Уплетая гренки с яйцом, А. прислушивается; снаружи понемногу раскручивается день, и, даже уткнувшись в сковородку, можно до последней подробности описать движение людей снаружи, внизу, среди россыпи многоэтажек: им предстоит долгий-долгий, до забвения, путь, каждому в свою школу. Там дети постарше приземлятся сами, там взрослые покинут малышей, и кто-то впервые узнает, подслащённую речами среди плебейских цветов, горечь заключения. Листья чёрствы, но ещё зелены. Они останутся снаружи. Заключённых разводят по коробочкам классных комнат. – Ничьи половицы, плитка и двери; безотносительно к людям покрашенные стены. Запах хлорки из туалетов, резкий, как нюхательная соль. Решётки. Оконные переплёты. С каждым годом их делают безутешнее ремонты и модернизации; скоро не за что будет уцепиться, позволяя мысли украдкой покинуть занятое тобою место и поискать вокруг вещь, способную принять немую жалобу. (Безымянную, безутешную судьбу.) Смерть съедает неровности, подробности, уточнения, в которых копилось время, чтобы отстояться до истины и отдать её тем, кто в поисках достойного – точного – места немых причитаний и мысленных слёз, холодных, как октябрьский дождик на большой перемене, набредает однажды на святую вещь вроде перекошенной рамы, с которой облезает бордовая краска, или разбитых ступенек у давно замурованных дверей.
Тот, кто видит клён во дворе и может непотревоженно наблюдать, как струятся ветви, как от дождя и раннего снега чернеет кора, как заспанная ворона с утра дерёт глотку на вершине, бывает жив.
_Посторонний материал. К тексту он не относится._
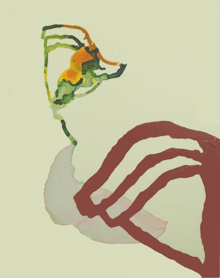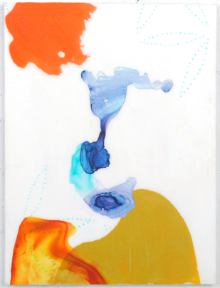 As a way to begin my recent series of paintings, I pour thin acrylic paint onto drafting plastic. I carefully cut out the shapes where the dried paint has pooled and use them as collage elements. The forms I discover briefly coalesce into monsters and cartoon characters, only to dissolve again into pigment, binder and surface. The uniquely human tendency to see objects or figures in clouds and tea leaves is what I explore in my work. I paint on a variety of surfaces, mining content from the chance discovery of shapes.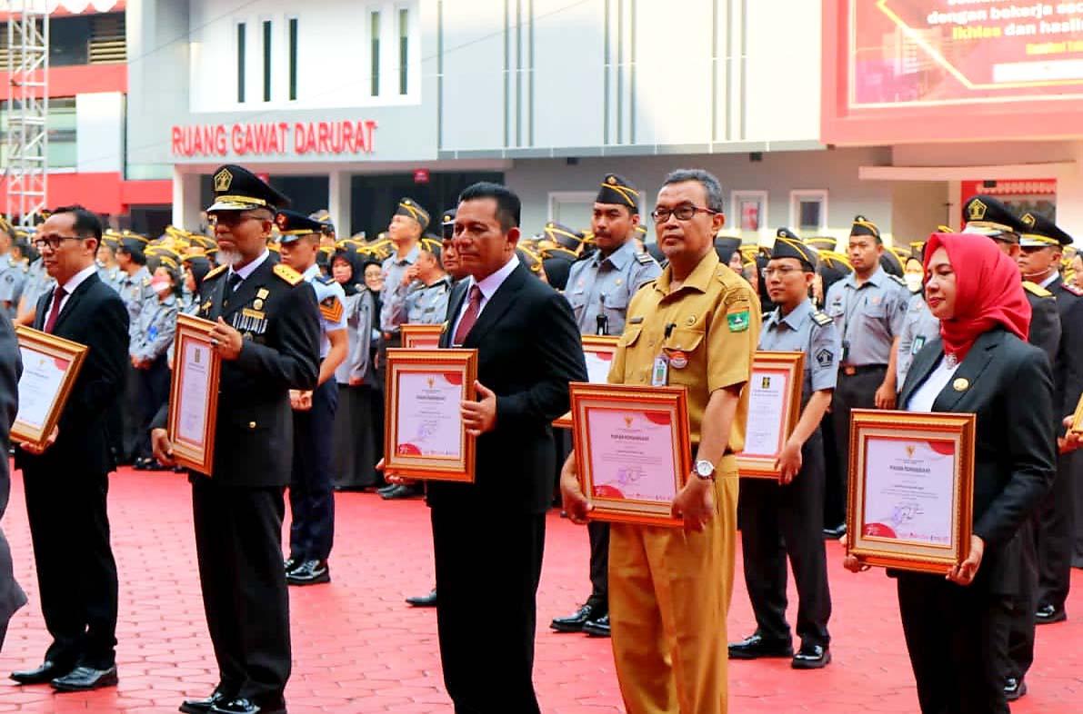 Dalam upacara tersebut, Gubernur Ansar menerima penghargaan sebagai bentuk apresiasi dari Kemenkumham RI atas pemberian hibah kapal patroli untuk Imigrasi Kelas 1 Khusus TPI Batam.

Да.

Иногда бывает жив.

Но приходит очередной директор, дереву красят ствол, обрезают верхние ветки, чтобы не порвались провода, и нижние сучья, чтобы школьники туда не лазили, ворон отстреливают, а когда дерево начинает сохнуть от пыток, его с облегчением спиливают – нужен был предлог.
Давайте насадим по периметру презентабельные кустики.

* * *

А. вышла за два часа до срока, бредёт и едет через полгорода на урок, следя, как успокаиваются по ходу дня люди, машины и птицы, как лёгкая дымка наверху расходится на тучки, как ветер сдувает их и застиранное небо в зените примирительно улыбается. Так мудрый и кроткий, изящный человек утешает без слов: ничего, сам видишь – и после происшедшего есть жизнь, от нас зависит, какой она будет; не стоит хоронить радость, она жива: то вне тебя, то с тобою.

Холмы с дубами недоступны, не стоит вспоминать; новые дни каплями многоточия станут падать, умножая отстояние, разделяя май и тебя. Не растягиваться же по мере их падения, медленно и до невыносимости; дурная игра. – Вчера ещё пространство, опустев, прислушивалось к зреющему событию, сегодня предстоявшее тут. Нет больше твоей свободы; вот так просто это делается. Просто, как трамвай поворачивает с маленькой площади в улицу, в конце которой ждут конечная остановка и круг.

Остался бледный месяц над крышей. (А. подняла взгляд в последний раз перед тем, как войти в подъезд.

Отголосок вины. Намерение выдержать молча.)

Дверь закрылась, подъезд сглотнул. Гостья здоровается со швейцарихой, ныряет в лифт.

Перед работой её посещает последняя коротенькая мысль: лестничная клетка подобна стеблю, листья квартир ответвляются от неё тупиками, конечными станциями на пути своих обитателей, ступени с лифтом ведут и направляют каждого к его цели. Улица ведёт к дому, череда подъездов к нужной тебе лестничной клетке, а та – в квартиру. И вот уже от неё мы не ждём дальнейших отсылок: она, очевидно, и есть цель движения. Конечная остановка. Что там, в каждом случае, содержится, об этом бродячий учитель былину может спеть, как участковый врач или социальный работник.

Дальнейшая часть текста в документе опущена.